Work item
Beginning with the line of the entries below that holds "Keep your dumbbells" and ending with the line that holds "O projeto de", transcribe each line exactly as written. Pictures stay out.

Extracted entries
********************

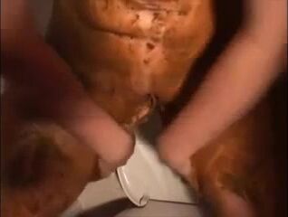 Dirty girl smearing shit all over her body
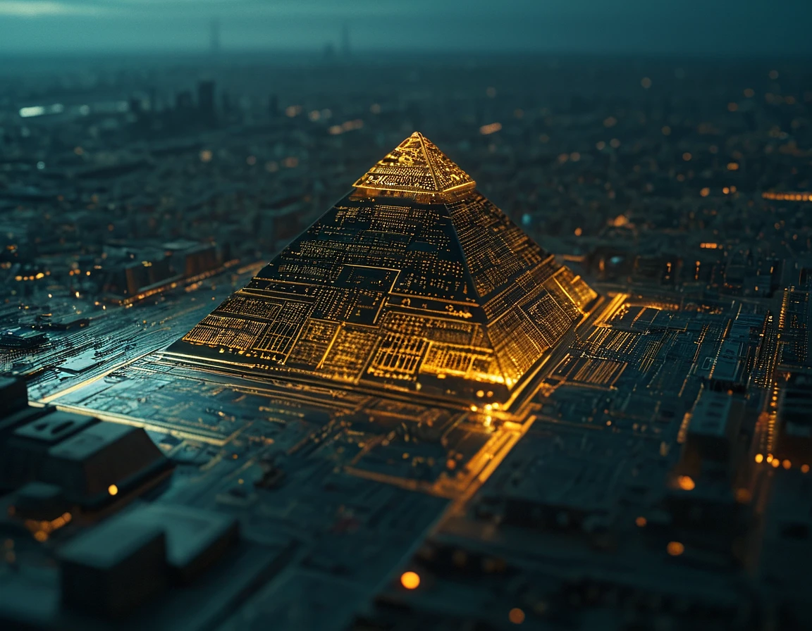 circuitboard, Great Pyramid of Giza, focus, motherboard, technological, shot from above, intricate, elegant, highly detailed, colorful, intense light, professional, innocent, mystical, dramatic, sharp, artistic, true colors, inspired, brilliant, beautiful, epic, cinematic, fine detail, pretty, clear, attractive, creative, positive, pure, rational, vibrant
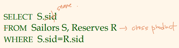- FROM : 테이블의 크로스 프로덕트를 표시 (크로스 프로덕트 R X S )
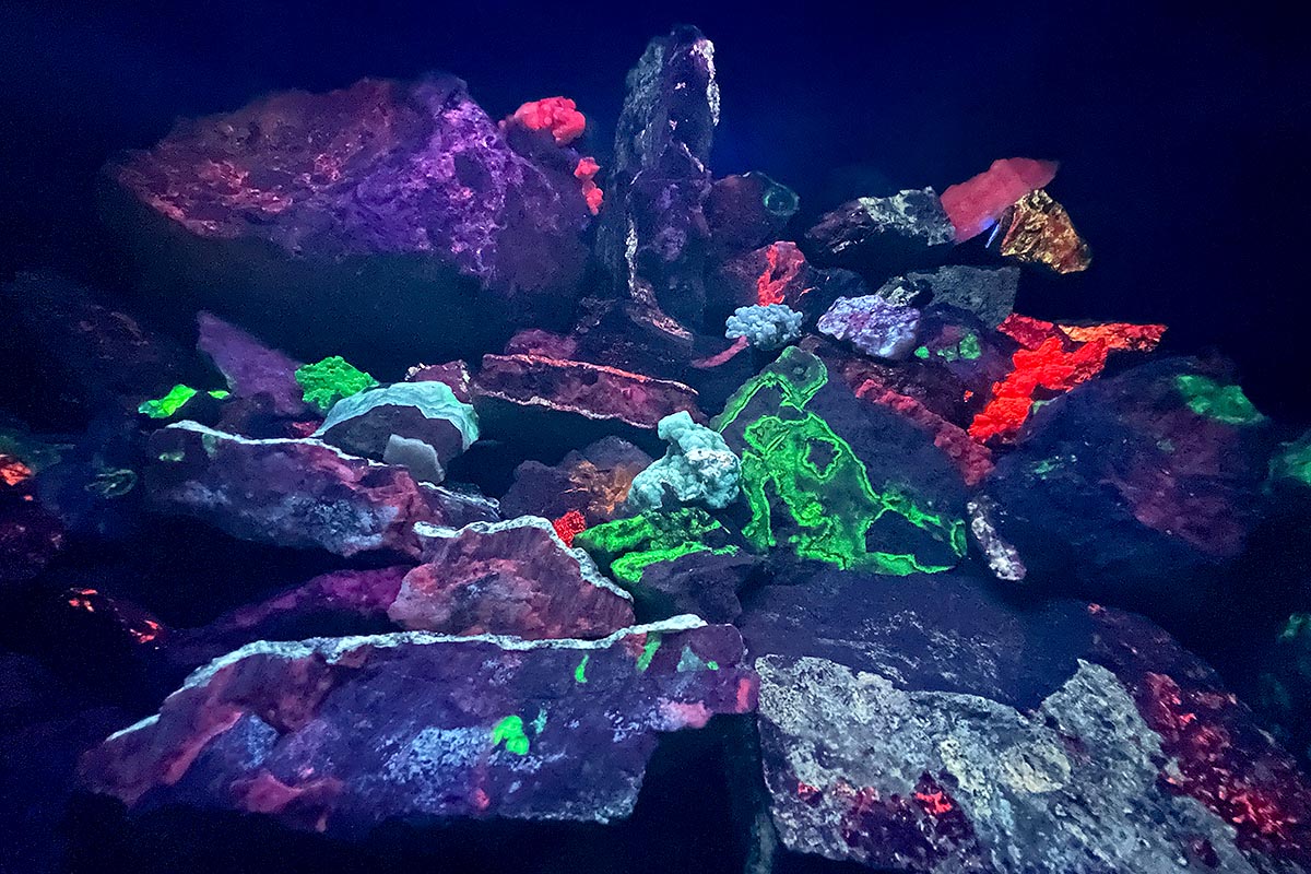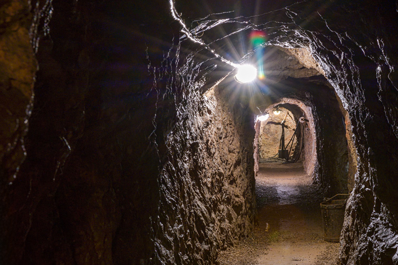 350 Meter erschlossenes Grubengebäude der ehemaligen Eisen- und Manganerzgrube "Finstertal" können besichtigt werden. Die geheimnisvoll fluoreszierenden Mineralien und das Originalgeleucht der Bergleute in Aktion machen den Besuch zu einem nachhaltig faszinierenden Erlebnis.
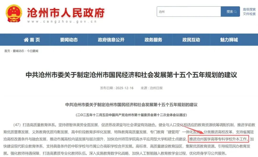 这意味着沧州医专的升本计划已经纳入地方发展规划,获得了强有力的政策支持。
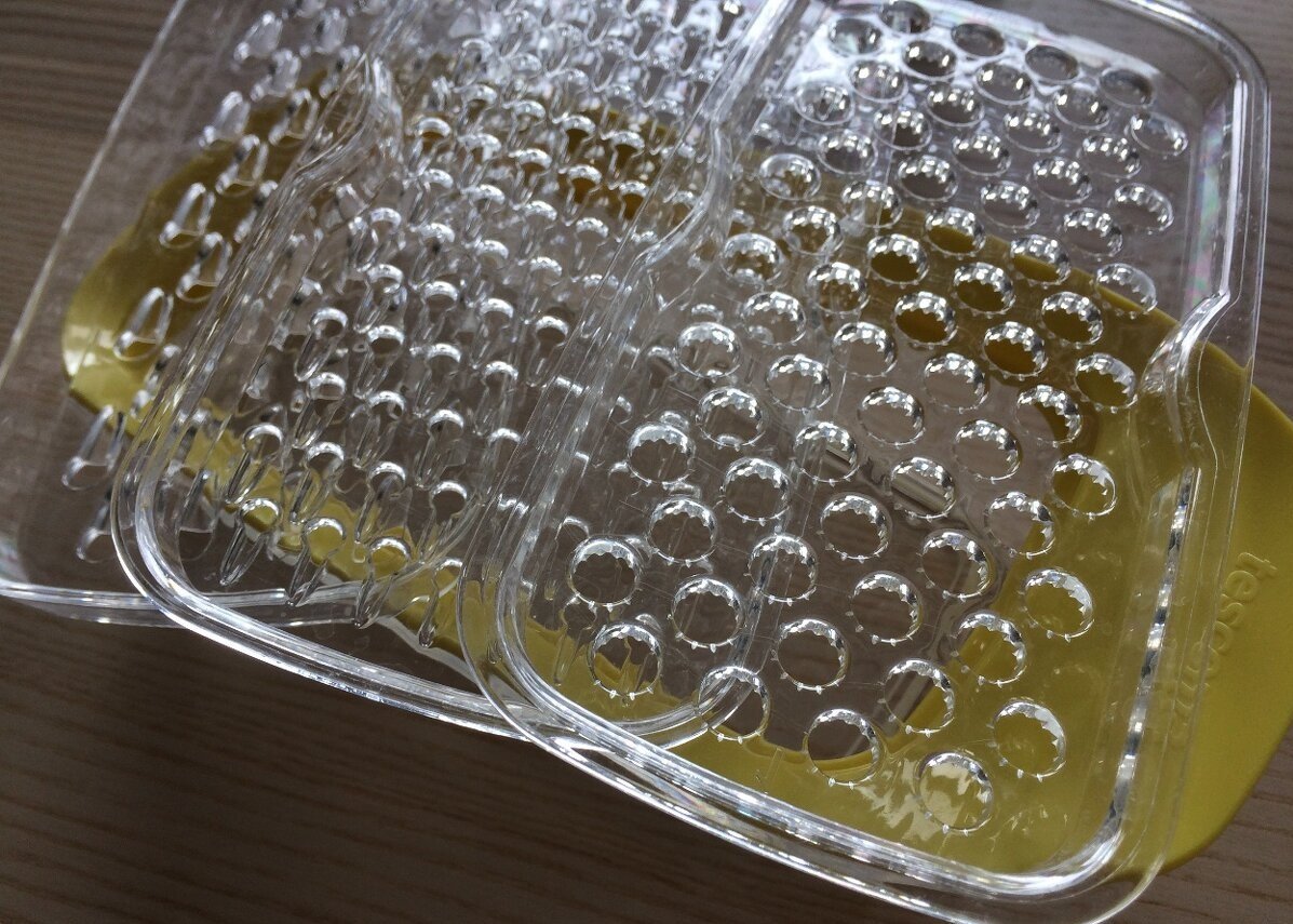 vyrobeno z odolného plastu, součástí struhadla je praktická miska, která bezpečně zachytí nastrouhané potraviny, 3 nástavce součástí balení
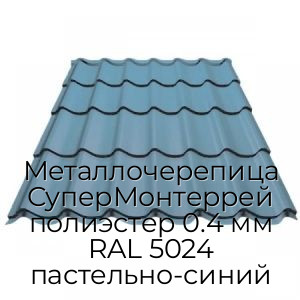 - Металлочерепица СуперМонтеррей полиэстер 0.4 мм RAL 5024 пастельно-синий N4250
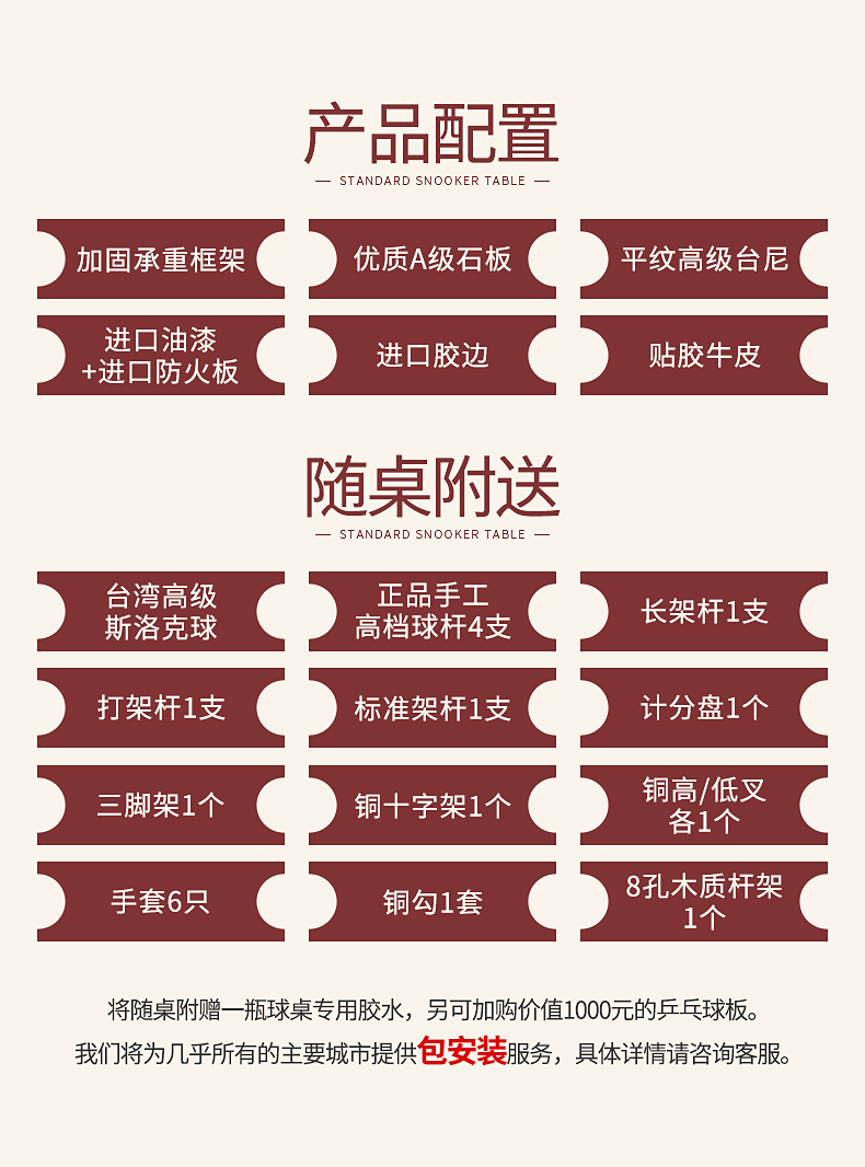 健倫(JEEANLEAN)JLAB154斯諾克臺(tái)球桌標(biāo)準(zhǔn)成人家用桌球桌十二尺臺(tái)球桌 頂配版 自營(yíng)
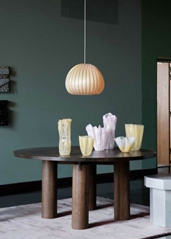 Die TR12 hat ein sehr klassisches Aussehen, das mit seinen weichen und runden Formen den Esstisch sowohl allein als auch in Gruppen von mehreren Pendelleuchten schön ergänzt. Die Pendelleuchte ist in zwei verschiedenen Materialien erhältlich: Birke und Papier. Die Materialien des Schirms haben unterschiedliche Ausdrücke und Beleuchtungsgrade. Der weiße Farbton bietet ein gleichmäßiges, allgemeines Licht in einem angenehmen weißen Ton, während die Birken-Pendelleuchten ein weicheres und wärmeres Licht abgeben.
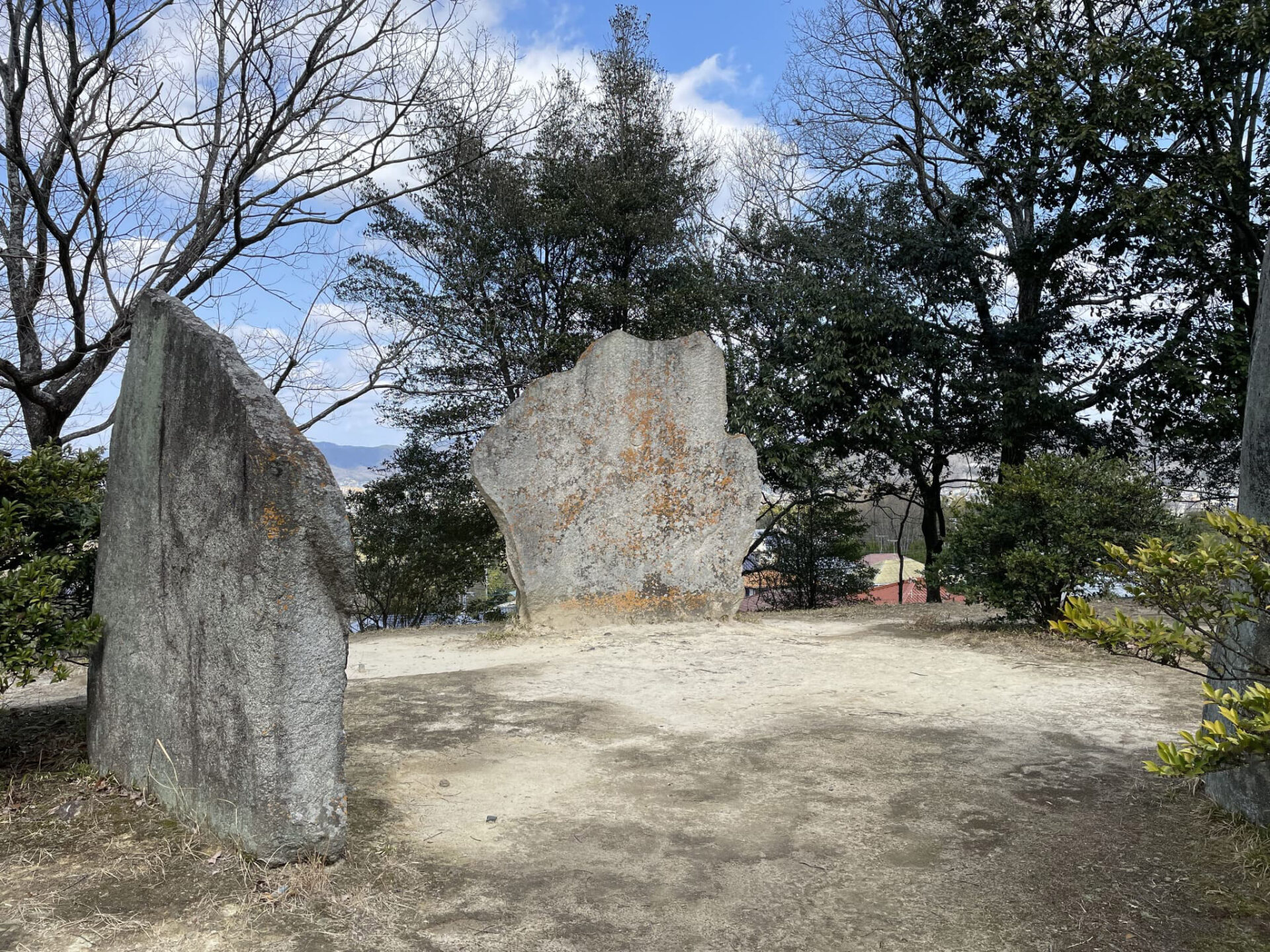 「西の小高い丘の頂には温羅の矢を防ぐ巨石の楯を築いた」跡
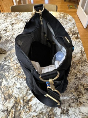 [This review was collected as part of a promotion.] I bought the black with gold hardware bag for a trip next month. I haven’t used it yet but I believe it will hold everything I need on my flight including a change of clothes in case my luggage should be delayed. This is my second Baggalini and probably wound be my last as I am eyeing the Momento Bag. I do wish it had the built in wallet, a feature that I appreciate!
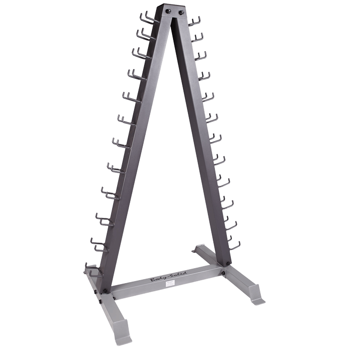 Keep your dumbbells close at hand with the all-new Body-Solid Tools GDR24 12-Pair Vertical Dumbbell Rack. Designed to hold up to twelve vinyl or neoprene dumbbells ranging from one to 15 lbs., this rack is the perfect complement to any workout space. The space-saving design includes individual cradles for each dumbbell and solid steel construction ensures durability in any setting. The GDR24 12-Pair Vertical Dumbbell Rack is the ideal storage option for both home or commercial use.
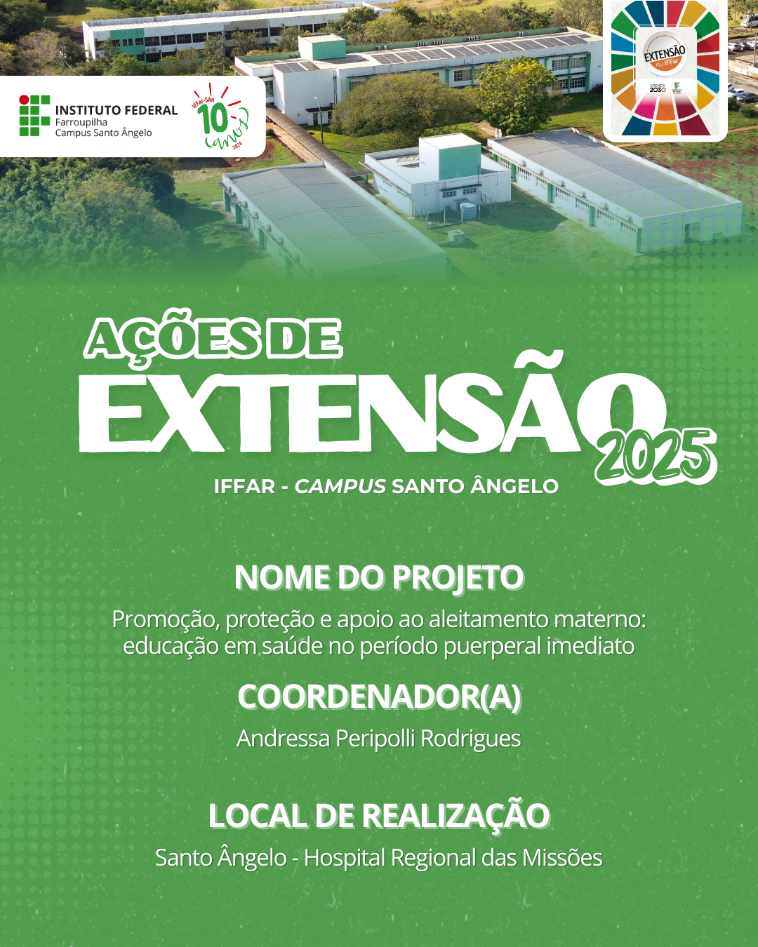 O projeto de extensão “Promoção, proteção e apoio ao aleitamento materno: educação em saúde no período puerperal imediato” teve como objetivo promover, proteger e apoiar o aleitamento materno por meio de orientações direcionadas às puérperas e a seus familiares, contribuindo para o fortalecimento dessa prática, a melhoria de seus índices no município e a redução de intercorrências e desconfortos que podem surgir ao longo do processo de amamentação.
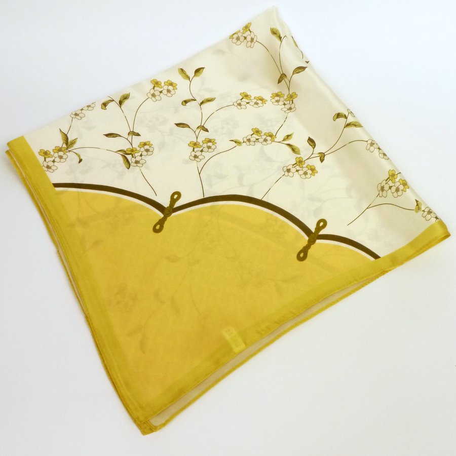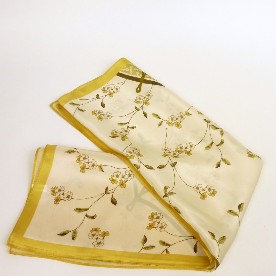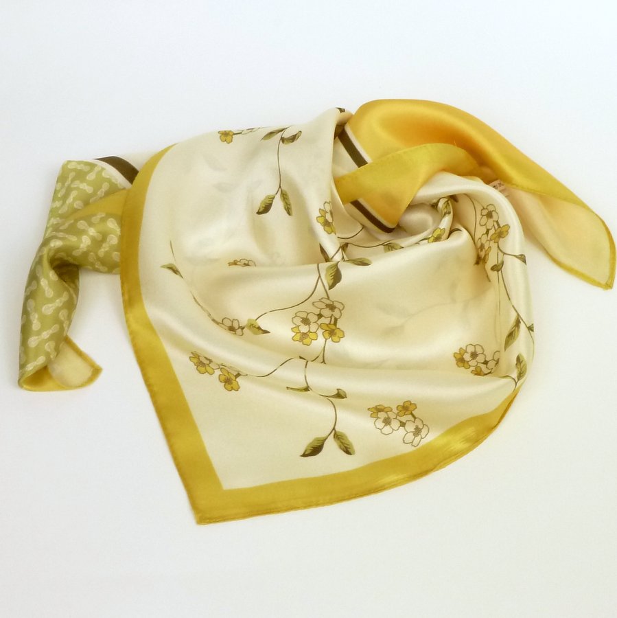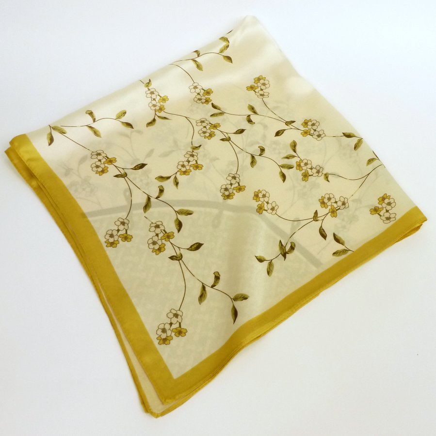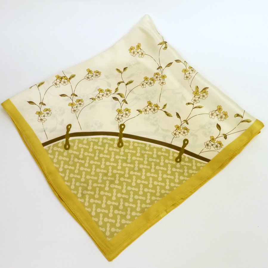 Na tle w kolorze ecru drobne kwiatuszki na gałązkach, żółta obwódka. Kwiatki barwy żółtej i ecru, listki i gałązki w zgaszonej zieleni i brązowe. Dwa naprzeciwległe rogi różne od całości. Jeden żółty, drugi jasno-zielony z drobnym wzorkiem. W zależności, który z rogów wyeksponujesz Twoja stylizacja nieco się zmieni. Proste w wyrazie dodatki są bardzo uniwersalne i łatwo stworzyć przy ich pomocy zachwycające zestawy.
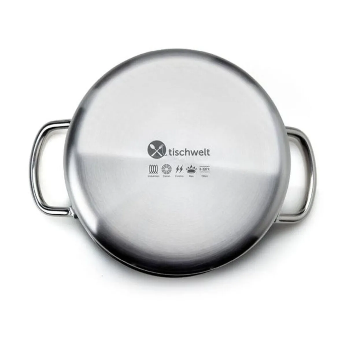 - gefertigt aus zwei Schichten induktivem Edelstahl, die sich um einen dreifachen Aluminiumkern legen
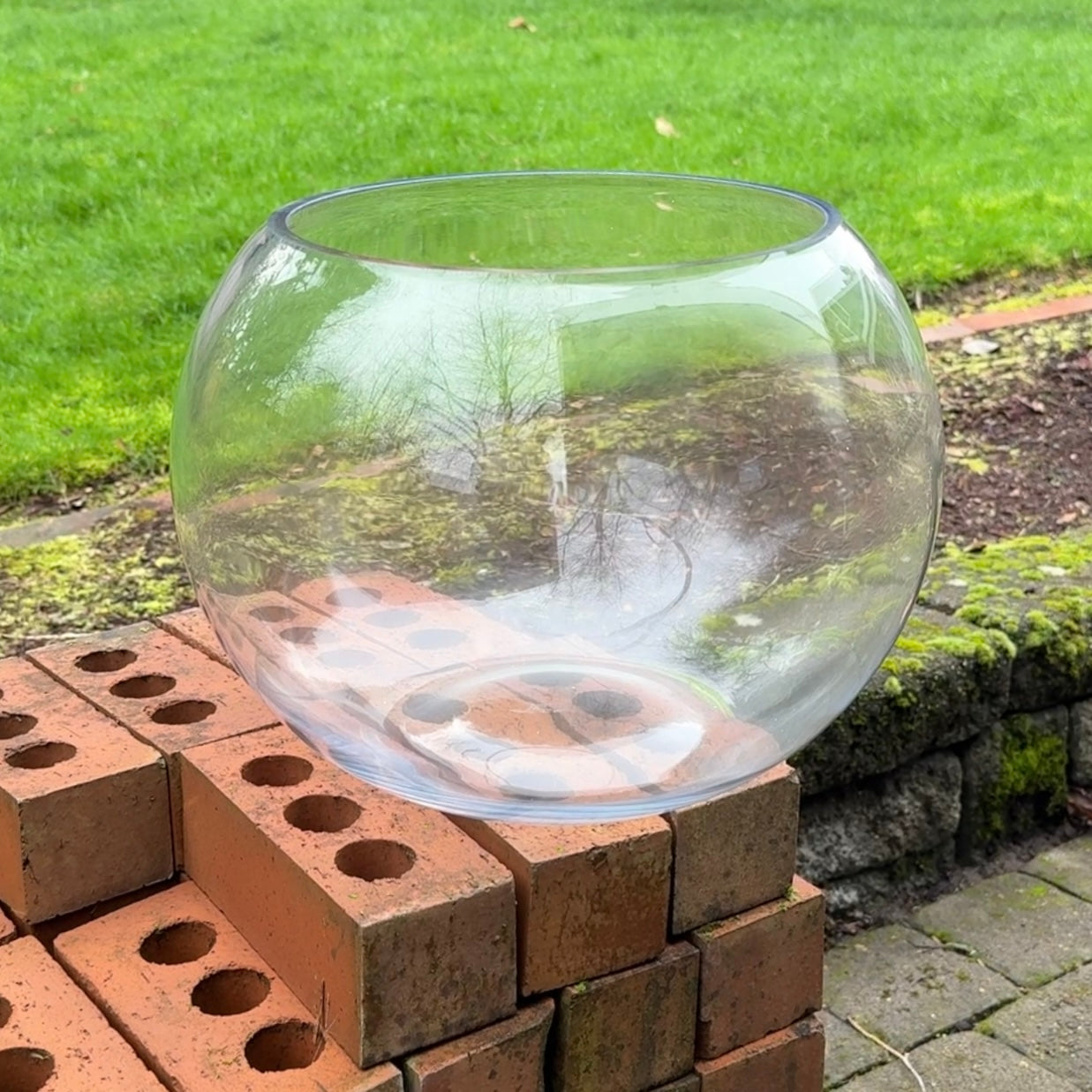 -Hand blown glass with smooth cut finish. Small flaws could be present as a result of the product's handmade nature

********************

Result for this exercise
 Keep your dumbbells close at hand with the all-new Body-Solid Tools GDR24 12-Pair Vertical Dumbbell Rack. Designed to hold up to twelve vinyl or neoprene dumbbells ranging from one to 15 lbs., this rack is the perfect complement to any workout space. The space-saving design includes individual cradles for each dumbbell and solid steel construction ensures durability in any setting. The GDR24 12-Pair Vertical Dumbbell Rack is the ideal storage option for both home or commercial use.
 O projeto de extensão “Promoção, proteção e apoio ao aleitamento materno: educação em saúde no período puerperal imediato” teve como objetivo promover, proteger e apoiar o aleitamento materno por meio de orientações direcionadas às puérperas e a seus familiares, contribuindo para o fortalecimento dessa prática, a melhoria de seus índices no município e a redução de intercorrências e desconfortos que podem surgir ao longo do processo de amamentação.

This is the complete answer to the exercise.